──────── RECORDED DATA ────────

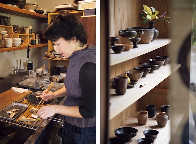 子どもとピアノを連弾したり家事をこなしたり。生活者である視点や発見が、常に器づくりの上に注がれている。好きな黒唐津の色そのままに、強さと深さを秘めている女性である。
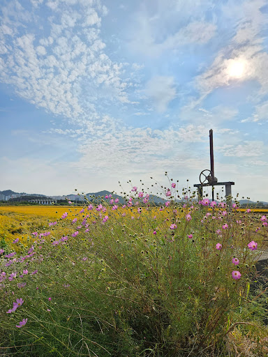 코멘트: 경기둘레길 53코스가 있습니다. 시흥연꽃테마파크(관곡지), 갯골생태공원으로 이어지는 둘레길이며 10월 초순부터 중순까지 이 길을 걷는다면 벼가 누렇게 익은 황금들판 길과 가을 길섶 코스모스가 하늘하늘거리는 가을 서정을 느끼실 수 있습니다. 그리고 신현역에서 도보 이동이 가능하기에 서해선 전철이 시원하게 달리는 모습도 보입니다.10월에 걷기 좋아하시는 분들에게 추천 드립니다.
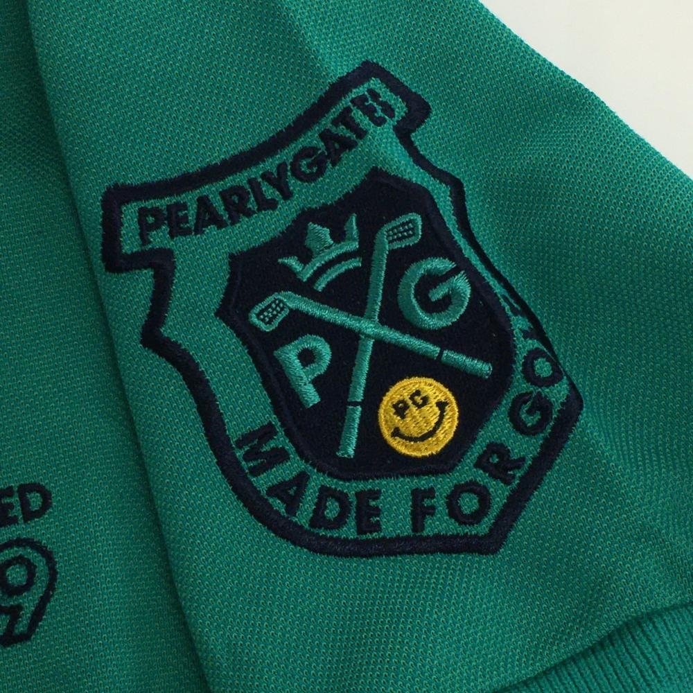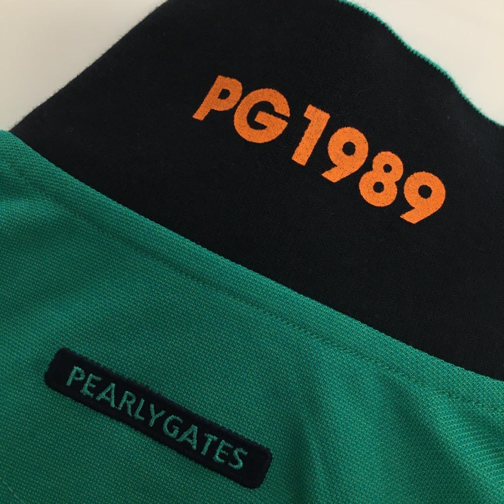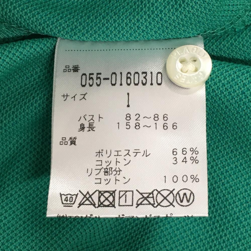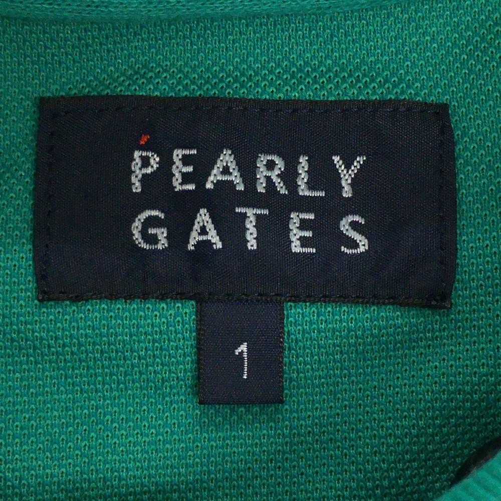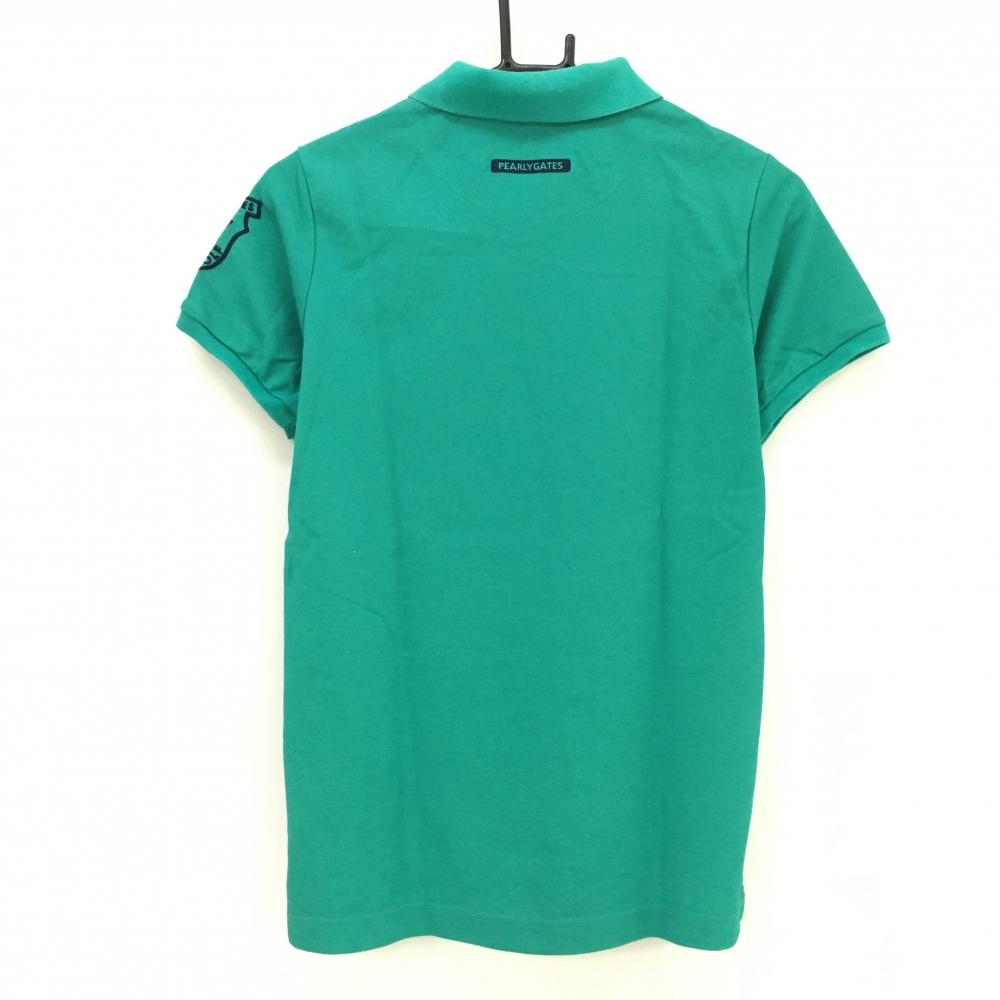 【超美品】パーリーゲイツ 半袖ポロシャツ グリーン×ネイビー フロントロゴ 袖ニコちゃん レディース 1(M) ゴルフウェア PEARLY GATES

────────

Write the listing out in full, exactly; no images.

 子どもとピアノを連弾したり家事をこなしたり。生活者である視点や発見が、常に器づくりの上に注がれている。好きな黒唐津の色そのままに、強さと深さを秘めている女性である。
 코멘트: 경기둘레길 53코스가 있습니다. 시흥연꽃테마파크(관곡지), 갯골생태공원으로 이어지는 둘레길이며 10월 초순부터 중순까지 이 길을 걷는다면 벼가 누렇게 익은 황금들판 길과 가을 길섶 코스모스가 하늘하늘거리는 가을 서정을 느끼실 수 있습니다. 그리고 신현역에서 도보 이동이 가능하기에 서해선 전철이 시원하게 달리는 모습도 보입니다.10월에 걷기 좋아하시는 분들에게 추천 드립니다.
 【超美品】パーリーゲイツ 半袖ポロシャツ グリーン×ネイビー フロントロゴ 袖ニコちゃん レディース 1(M) ゴルフウェア PEARLY GATES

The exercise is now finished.